◆ **Try it**
Could the records below be restated word for word, without a single picture?

Collection entries:
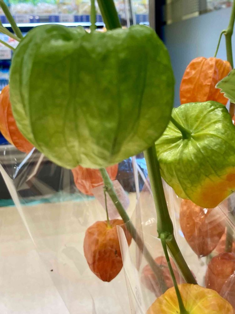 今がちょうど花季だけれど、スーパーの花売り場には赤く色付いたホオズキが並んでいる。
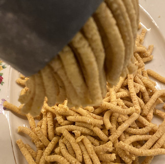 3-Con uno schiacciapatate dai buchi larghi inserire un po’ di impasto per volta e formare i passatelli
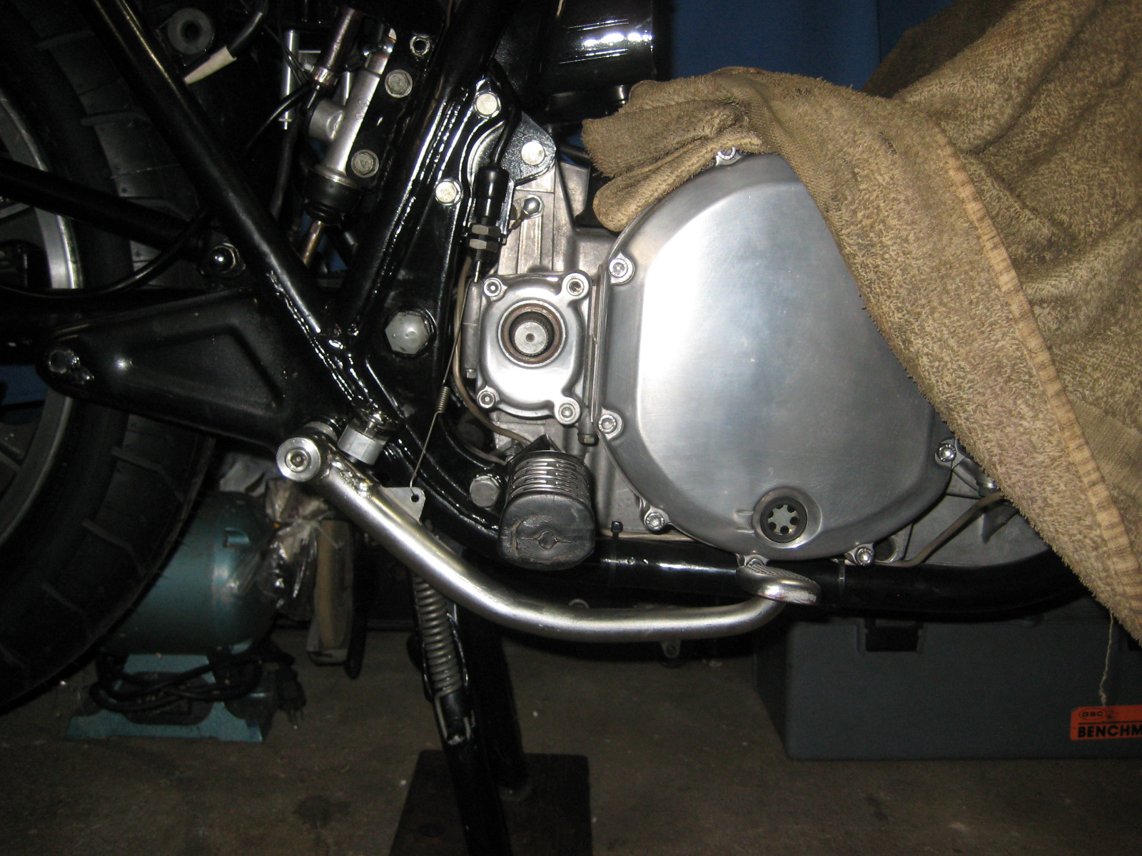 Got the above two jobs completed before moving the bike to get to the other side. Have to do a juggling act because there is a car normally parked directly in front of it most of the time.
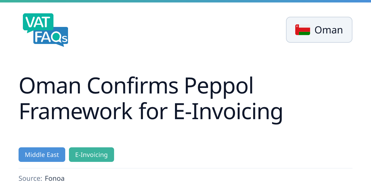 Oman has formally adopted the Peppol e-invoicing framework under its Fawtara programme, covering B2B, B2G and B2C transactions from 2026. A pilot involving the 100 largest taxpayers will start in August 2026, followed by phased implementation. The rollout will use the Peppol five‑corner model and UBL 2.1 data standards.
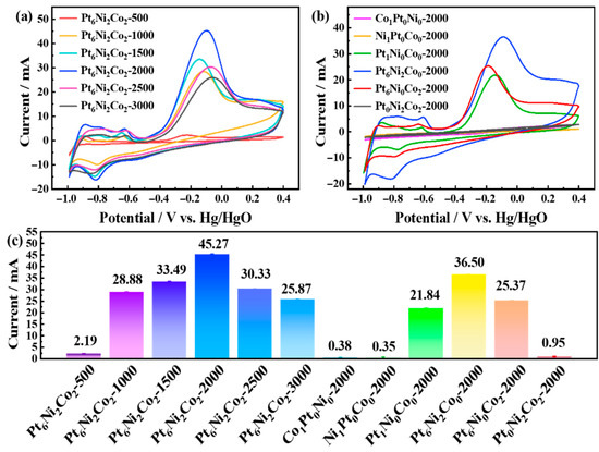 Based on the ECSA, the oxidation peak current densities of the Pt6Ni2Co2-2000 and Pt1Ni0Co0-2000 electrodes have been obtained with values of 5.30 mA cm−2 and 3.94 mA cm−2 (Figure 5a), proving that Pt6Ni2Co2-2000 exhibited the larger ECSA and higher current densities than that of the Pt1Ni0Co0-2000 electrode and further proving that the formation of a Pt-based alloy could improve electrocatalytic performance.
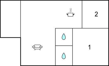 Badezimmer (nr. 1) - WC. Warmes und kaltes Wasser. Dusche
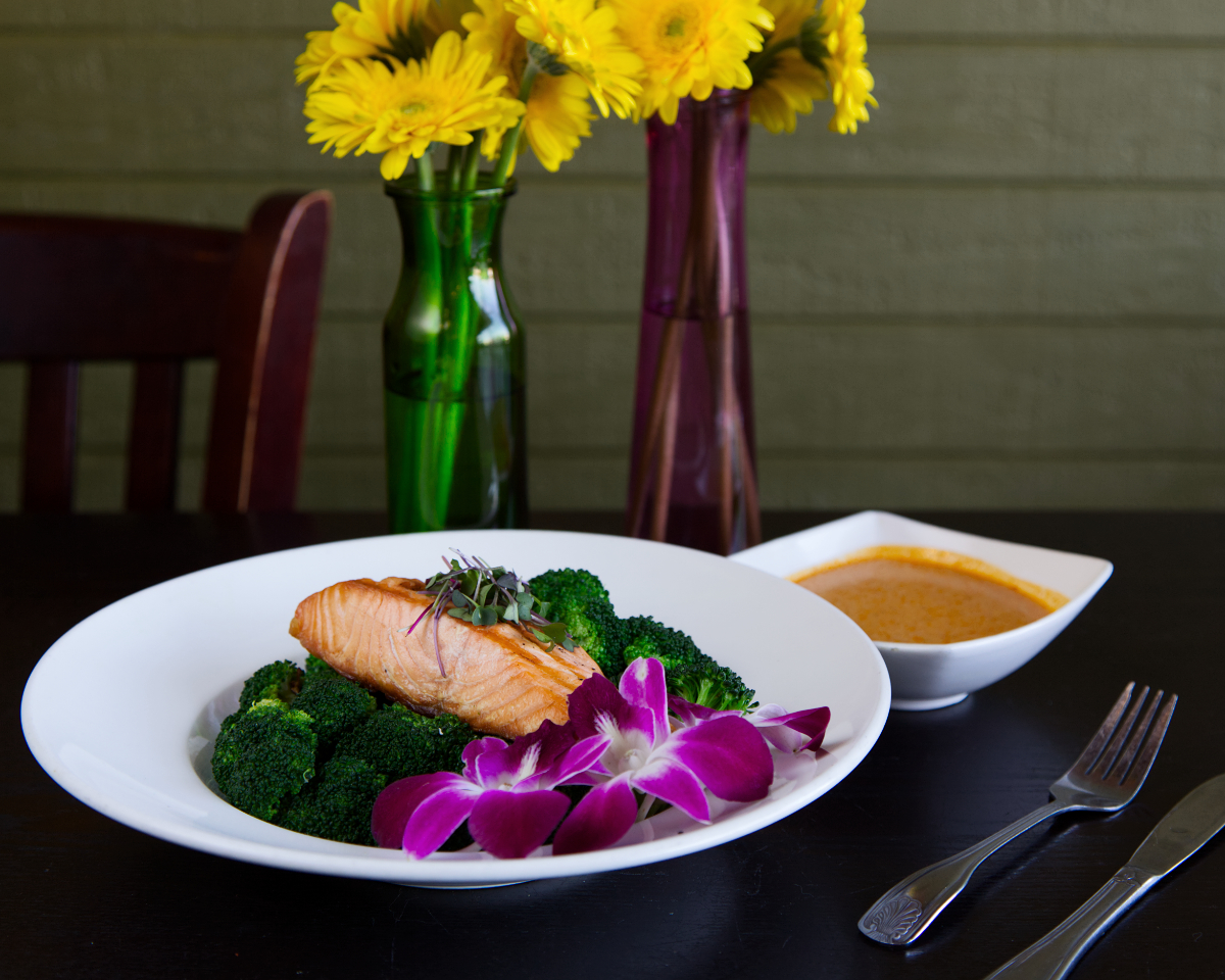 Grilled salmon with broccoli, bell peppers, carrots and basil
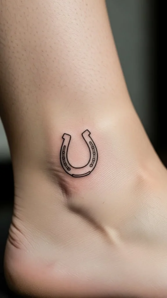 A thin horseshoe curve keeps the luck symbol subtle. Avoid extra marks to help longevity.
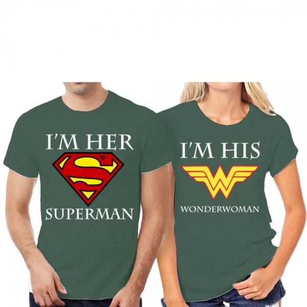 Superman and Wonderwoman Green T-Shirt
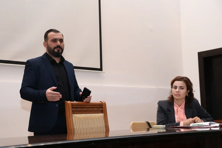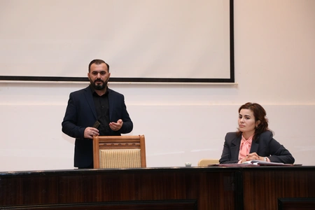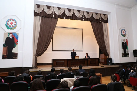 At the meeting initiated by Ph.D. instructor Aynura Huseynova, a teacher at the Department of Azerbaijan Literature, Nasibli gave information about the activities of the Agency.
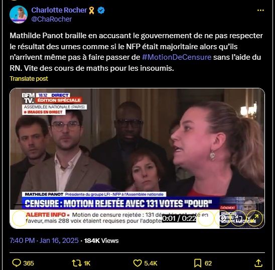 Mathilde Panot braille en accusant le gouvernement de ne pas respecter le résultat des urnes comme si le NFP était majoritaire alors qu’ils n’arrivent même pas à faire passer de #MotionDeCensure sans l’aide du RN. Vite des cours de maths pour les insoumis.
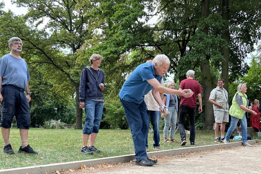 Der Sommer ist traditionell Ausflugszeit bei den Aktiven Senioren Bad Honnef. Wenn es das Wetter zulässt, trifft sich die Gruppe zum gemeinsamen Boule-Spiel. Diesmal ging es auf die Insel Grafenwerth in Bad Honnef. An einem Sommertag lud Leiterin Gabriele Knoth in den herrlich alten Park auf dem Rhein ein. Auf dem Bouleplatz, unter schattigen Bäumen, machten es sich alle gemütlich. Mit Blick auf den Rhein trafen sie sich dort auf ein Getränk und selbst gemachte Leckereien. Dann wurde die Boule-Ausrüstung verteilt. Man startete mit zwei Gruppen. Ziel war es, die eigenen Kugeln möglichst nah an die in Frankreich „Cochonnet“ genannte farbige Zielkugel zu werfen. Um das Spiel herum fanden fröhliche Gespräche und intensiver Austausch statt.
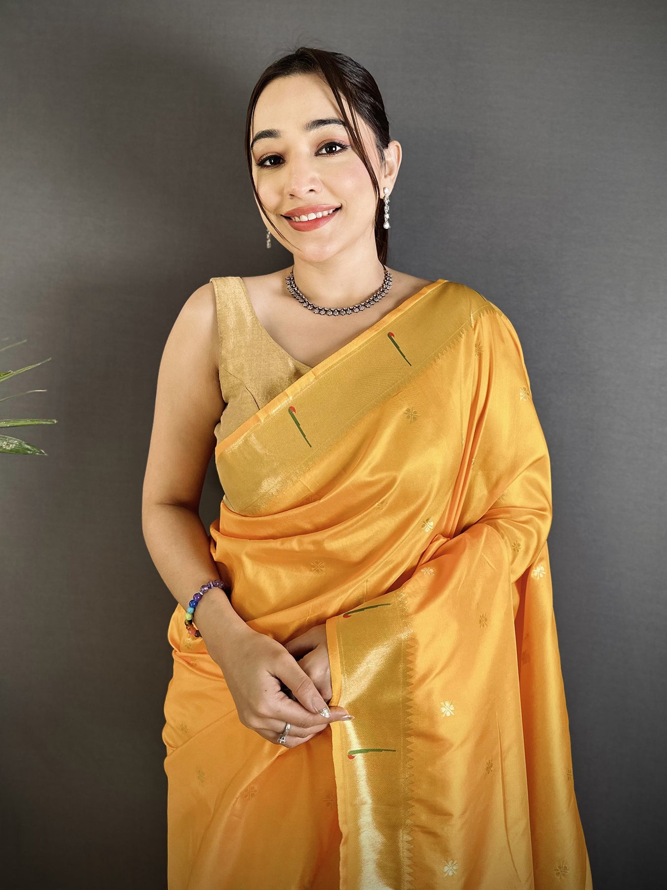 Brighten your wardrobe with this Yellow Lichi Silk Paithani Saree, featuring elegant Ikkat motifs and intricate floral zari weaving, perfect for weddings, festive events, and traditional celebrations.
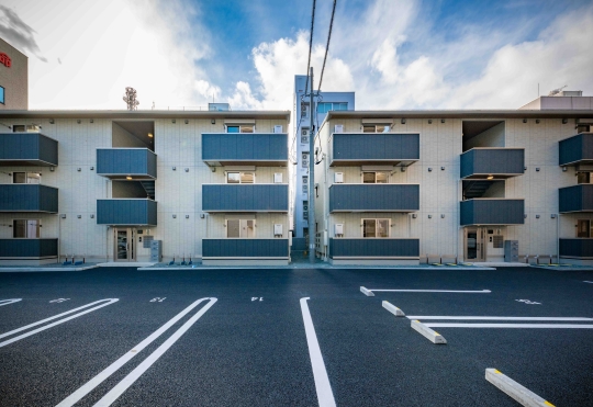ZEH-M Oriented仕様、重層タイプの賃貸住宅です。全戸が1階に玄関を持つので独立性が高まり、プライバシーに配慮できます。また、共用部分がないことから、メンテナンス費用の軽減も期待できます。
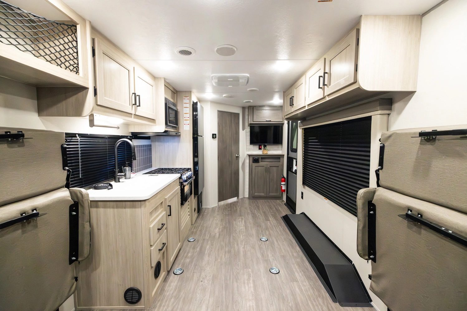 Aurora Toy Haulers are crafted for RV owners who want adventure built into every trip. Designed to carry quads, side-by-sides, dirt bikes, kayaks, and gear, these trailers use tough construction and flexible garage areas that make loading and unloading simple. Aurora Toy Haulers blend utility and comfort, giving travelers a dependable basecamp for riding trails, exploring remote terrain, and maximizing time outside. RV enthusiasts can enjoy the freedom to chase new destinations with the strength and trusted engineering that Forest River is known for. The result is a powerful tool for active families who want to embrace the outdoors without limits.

◆ **Solution for this exercise**
 今がちょうど花季だけれど、スーパーの花売り場には赤く色付いたホオズキが並んでいる。
 3-Con uno schiacciapatate dai buchi larghi inserire un po’ di impasto per volta e formare i passatelli
 Got the above two jobs completed before moving the bike to get to the other side. Have to do a juggling act because there is a car normally parked directly in front of it most of the time.
 Oman has formally adopted the Peppol e-invoicing framework under its Fawtara programme, covering B2B, B2G and B2C transactions from 2026. A pilot involving the 100 largest taxpayers will start in August 2026, followed by phased implementation. The rollout will use the Peppol five‑corner model and UBL 2.1 data standards.
 Based on the ECSA, the oxidation peak current densities of the Pt6Ni2Co2-2000 and Pt1Ni0Co0-2000 electrodes have been obtained with values of 5.30 mA cm−2 and 3.94 mA cm−2 (Figure 5a), proving that Pt6Ni2Co2-2000 exhibited the larger ECSA and higher current densities than that of the Pt1Ni0Co0-2000 electrode and further proving that the formation of a Pt-based alloy could improve electrocatalytic performance.
 Badezimmer (nr. 1) - WC. Warmes und kaltes Wasser. Dusche
 Grilled salmon with broccoli, bell peppers, carrots and basil
 A thin horseshoe curve keeps the luck symbol subtle. Avoid extra marks to help longevity.
 Superman and Wonderwoman Green T-Shirt
 At the meeting initiated by Ph.D. instructor Aynura Huseynova, a teacher at the Department of Azerbaijan Literature, Nasibli gave information about the activities of the Agency.
 Mathilde Panot braille en accusant le gouvernement de ne pas respecter le résultat des urnes comme si le NFP était majoritaire alors qu’ils n’arrivent même pas à faire passer de #MotionDeCensure sans l’aide du RN. Vite des cours de maths pour les insoumis.
 Der Sommer ist traditionell Ausflugszeit bei den Aktiven Senioren Bad Honnef. Wenn es das Wetter zulässt, trifft sich die Gruppe zum gemeinsamen Boule-Spiel. Diesmal ging es auf die Insel Grafenwerth in Bad Honnef. An einem Sommertag lud Leiterin Gabriele Knoth in den herrlich alten Park auf dem Rhein ein. Auf dem Bouleplatz, unter schattigen Bäumen, machten es sich alle gemütlich. Mit Blick auf den Rhein trafen sie sich dort auf ein Getränk und selbst gemachte Leckereien. Dann wurde die Boule-Ausrüstung verteilt. Man startete mit zwei Gruppen. Ziel war es, die eigenen Kugeln möglichst nah an die in Frankreich „Cochonnet“ genannte farbige Zielkugel zu werfen. Um das Spiel herum fanden fröhliche Gespräche und intensiver Austausch statt.
 Brighten your wardrobe with this Yellow Lichi Silk Paithani Saree, featuring elegant Ikkat motifs and intricate floral zari weaving, perfect for weddings, festive events, and traditional celebrations.
ZEH-M Oriented仕様、重層タイプの賃貸住宅です。全戸が1階に玄関を持つので独立性が高まり、プライバシーに配慮できます。また、共用部分がないことから、メンテナンス費用の軽減も期待できます。
 Aurora Toy Haulers are crafted for RV owners who want adventure built into every trip. Designed to carry quads, side-by-sides, dirt bikes, kayaks, and gear, these trailers use tough construction and flexible garage areas that make loading and unloading simple. Aurora Toy Haulers blend utility and comfort, giving travelers a dependable basecamp for riding trails, exploring remote terrain, and maximizing time outside. RV enthusiasts can enjoy the freedom to chase new destinations with the strength and trusted engineering that Forest River is known for. The result is a powerful tool for active families who want to embrace the outdoors without limits.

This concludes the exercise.